▶ [TASK INSTRUCTIONS]: Leaving out all pictures, copy the lines below exactly, from the line with "クラウドファンディング 10" to the last line, both ends included.

▶ [EXERCISE DATA]:
[Start of section]

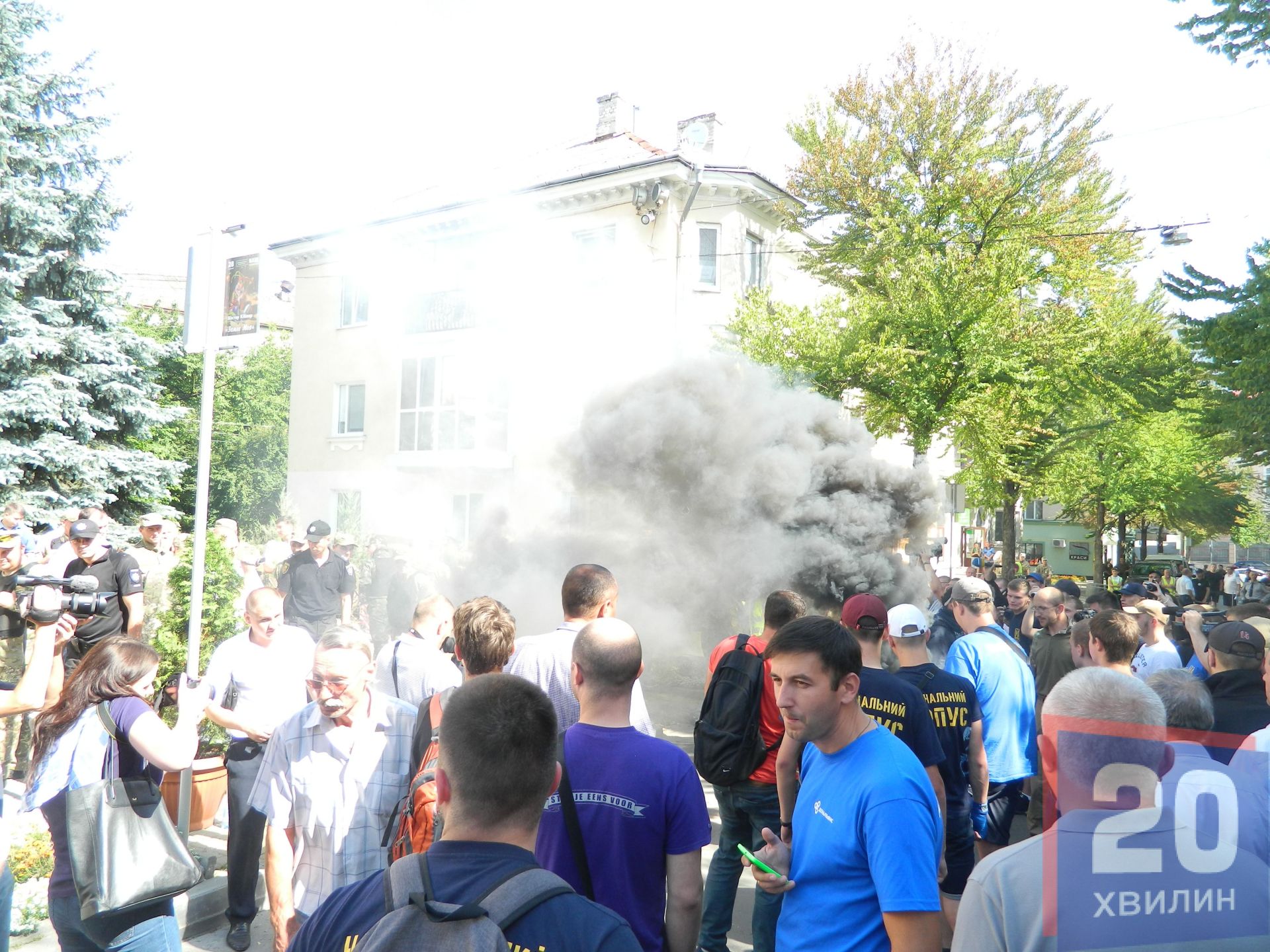 Активістам після декількох спроб, таки вдалося підпалити бочки з торфом. Їдкий чорний дим огорнув міськраду. Там же почали закривати вікна аби не отравитись. Також були запаленні декілька димових шашок, навіть запущена сигнальна ракета, з голубим димом, яка влучила тернополянці в голову - обійшлось без жертв.
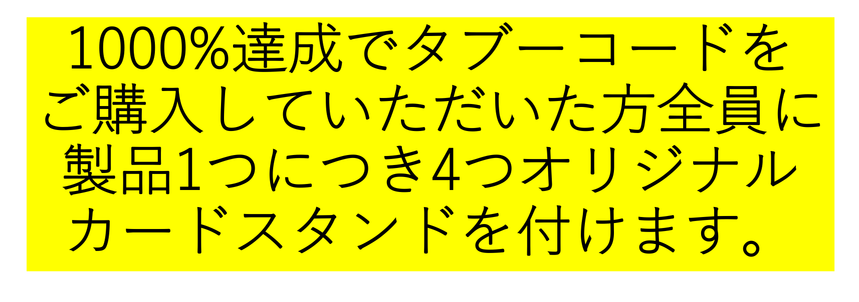 クラウドファンディング 1000%達成でタブーコードをご購入いただいた方全員に製品一つにつき4つオリジナルカードスタンドを付けます!宣伝の協力よろしくお願い致します!
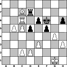 game notation in PGN-format [Event "August 18"] [Site "www.myChess.de"] [Date "2018.08.01"] [Round "1"] [White "borsti"] [Black "hape50"] [ECO "D00"] [WhitemyELO "1287"] [BlackmyELO "1272"] [Result "1-0"] [TimeControl "10/1728000"] [WhiteDays "20"] [BlackDays "20"] [MyChessNo "112770"] 1. d4 d5 2. Bf4 e6 3. Nf3 h6 4. e3 Be7 5. Bd3 Nf6 6. Nc3 a6 7. a3 Nc6 8. O-O b5 9. Ne2 Bb7 10. h3 Nh5 11. Bh2 Na7 12. b3 Qd7 13. Nc3 O-O 14. Ne5 Qe8 15. Qxh5 Nc6 16. Nxc6 Bxc6 17. f4 b4 18. Na4 bxa3 19. Nc5 Bxc5 20. dxc5 f5 21. Qxe8 Rfxe8 22. Rxa3 Bb7 23. Rfa1 Re7 24. Bxa6 Bxa6 25. Rxa6 Rxa6 26. Rxa6 Kf7 27. Rc6 Kf6 28. g4 g6 29. b4 g5 30. b5 gxf4 31. Bxf4 Rd7 32. Bxc7 1-0 position notation in FEN-format 8/2Br4/2R1pk1p/1PPp1p2/6P1/4P2P/2PP4/6K1 - - - 0 32 Captured white pieces: Captured black pieces: Click on a captured piece in order to display the desired move!

[End of section]

▶ [THE COMPLETED TASK]:
 クラウドファンディング 1000%達成でタブーコードをご購入いただいた方全員に製品一つにつき4つオリジナルカードスタンドを付けます!宣伝の協力よろしくお願い致します!
 game notation in PGN-format [Event "August 18"] [Site "www.myChess.de"] [Date "2018.08.01"] [Round "1"] [White "borsti"] [Black "hape50"] [ECO "D00"] [WhitemyELO "1287"] [BlackmyELO "1272"] [Result "1-0"] [TimeControl "10/1728000"] [WhiteDays "20"] [BlackDays "20"] [MyChessNo "112770"] 1. d4 d5 2. Bf4 e6 3. Nf3 h6 4. e3 Be7 5. Bd3 Nf6 6. Nc3 a6 7. a3 Nc6 8. O-O b5 9. Ne2 Bb7 10. h3 Nh5 11. Bh2 Na7 12. b3 Qd7 13. Nc3 O-O 14. Ne5 Qe8 15. Qxh5 Nc6 16. Nxc6 Bxc6 17. f4 b4 18. Na4 bxa3 19. Nc5 Bxc5 20. dxc5 f5 21. Qxe8 Rfxe8 22. Rxa3 Bb7 23. Rfa1 Re7 24. Bxa6 Bxa6 25. Rxa6 Rxa6 26. Rxa6 Kf7 27. Rc6 Kf6 28. g4 g6 29. b4 g5 30. b5 gxf4 31. Bxf4 Rd7 32. Bxc7 1-0 position notation in FEN-format 8/2Br4/2R1pk1p/1PPp1p2/6P1/4P2P/2PP4/6K1 - - - 0 32 Captured white pieces: Captured black pieces: Click on a captured piece in order to display the desired move!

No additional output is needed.